Уцелевшую химеру Даниил поставил в своей комнате. Тут и с ним стали твориться непонятные вещи. Наступил тот его темный период, который он описал в стихах, вошедших в “Материалы к поэме ‘Дуггур’ ”… Наконец, – рассказывала Алла Александровна Андреева со слов самого поэта, – он понял, что действительно в изображении химеры живет какая-то черная сила. Сказал об этом Гале Русаковой. Галя над ним посмеялась, так же, как он когда-то смеялся над Елизаветой Михайловной, и статуэтку у Даниила, хотевшего уничтожить ее, взяла себе. Вскоре она вышла замуж, они долго не виделись. Потом Даниил узнает, что ее муж тяжело заболел, у него туберкулез. Придя к ним, он увидел, что на шкафу рядом с диваном, где лежал больной, глядя вниз, прямо на него, стоит химера. Придумав какой-то повод, он взял ее и разбил. Но вскоре муж Гали Русаковой умер»139.
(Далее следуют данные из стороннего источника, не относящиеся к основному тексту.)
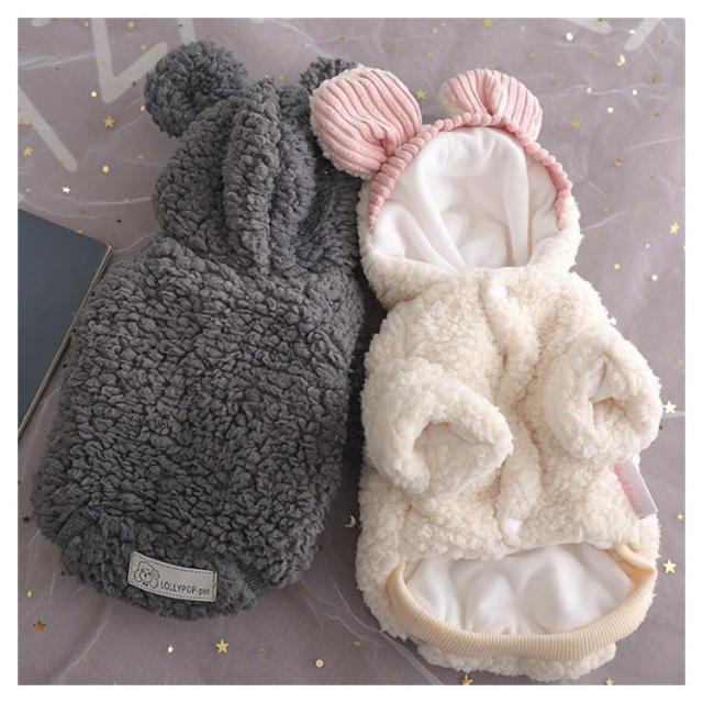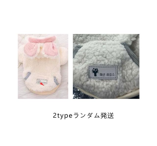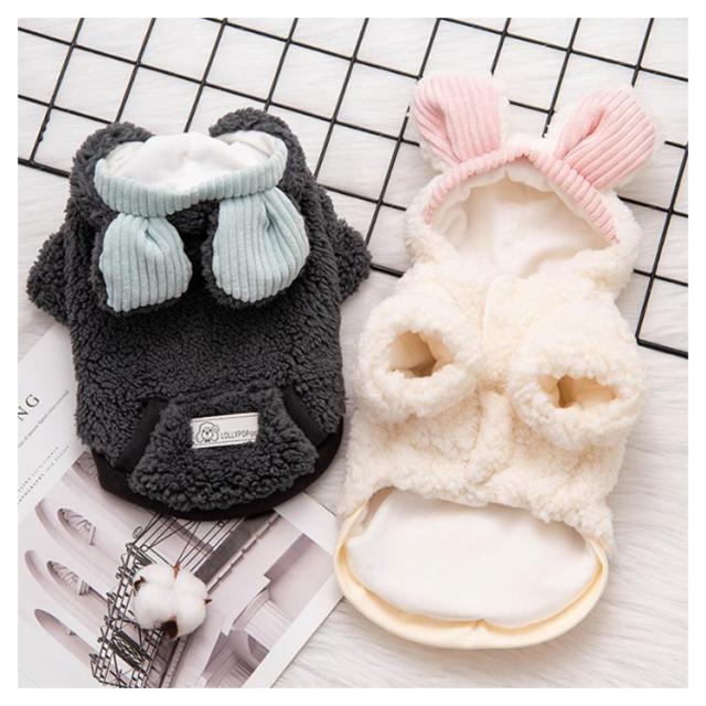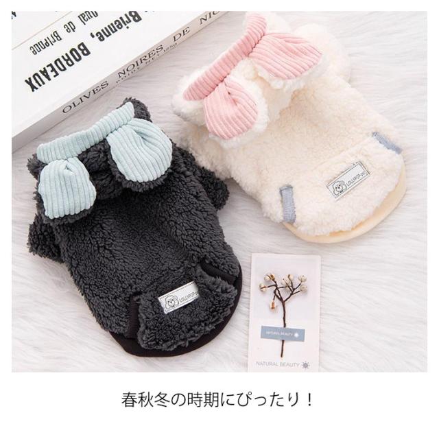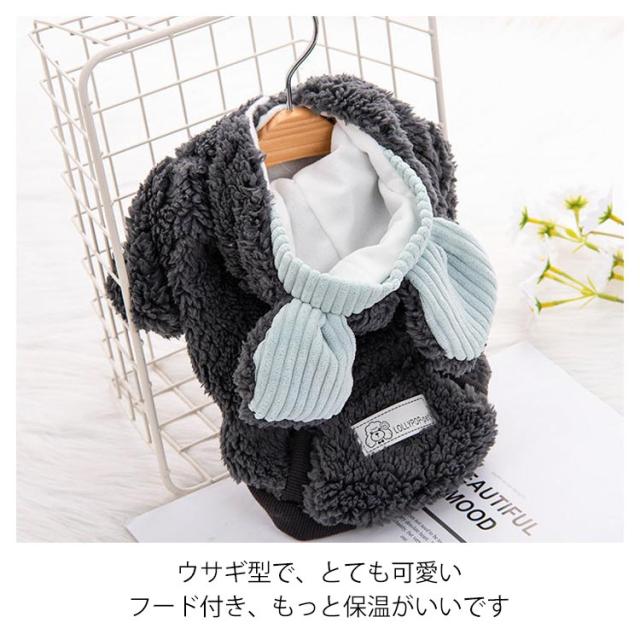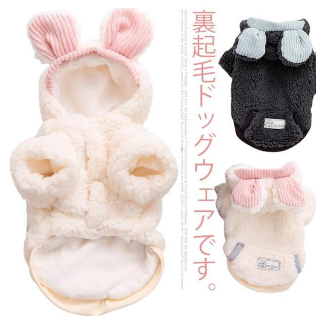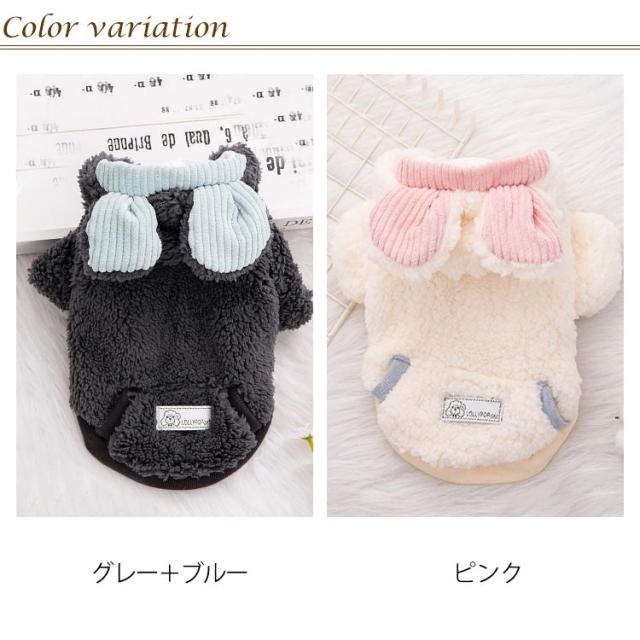 | 裏起毛ドッグウェアです。防寒対策がバッチリ、寒い時期のお散歩やアウトドアに最適です。 ウサギ型で、とても可愛い、フード付き、もっと保温がいいです。 裏素材はフワモコの裏フリースで、柔らかくてとても暖かいです。 表素材はふわふわしている生地で、着心地が抜群です。 ボタン式なので、服が苦手な愛犬や着せるのが苦手な飼い主さんにもオススメです。 春秋冬の時期にぴったり! | |

В стихотворении (25 августа 1930 года) Малахиевой-Мирович описана «комната Даниила». Это свидетельство, что «химеры» над ним реяли долго: «Со шкафа дряхлая, костлявая химера / Бессильно сеет заклинанья зла». Но над химерой, выше – «Дант и мост св<ятого> Марка, / И Беатриче с розою в руках».

Химеры, готические видения дьявольской свиты, чьи темные статуэтки долго стояли на книжных шкафах, навсегда остались для Андреева символом темных миров, инфернальной нечистью, подстерегающей нас неподалеку. И странным образом химеры в его представлении стали гнездиться в московском пейзаже, над ее темными заулками, над сумеречными окраинами. Присутствие нечистой силы в тогдашней Москве почувствовал не только он.

7 мая 1926 года во флигеле дома номер 9 в Чистом (Обуховом) переулке провело обыск ОГПУ. Обыскивали комнату жившего здесь Булгакова, уходя, забрали машинопись «Собачьего сердца» и дневник. Андреев часто бывал в этом переулке, в доме номер 3, где жили Муравьевы. В Чистом переулке в похожем доме он поселит героев «Странников ночи». А скоро Булгаков поселится на углу Малого Левшинского, в одной из квартир дома напротив добровского, номер 4, где на воротах сохранилась старинная надпись «Свободенъ отъ постоя». Но вряд ли о булгаковском соседстве мог знать Андреев, тогда упорно писавший «Грешников» и ведший свой дневник, тоже не миновавший Лубянки.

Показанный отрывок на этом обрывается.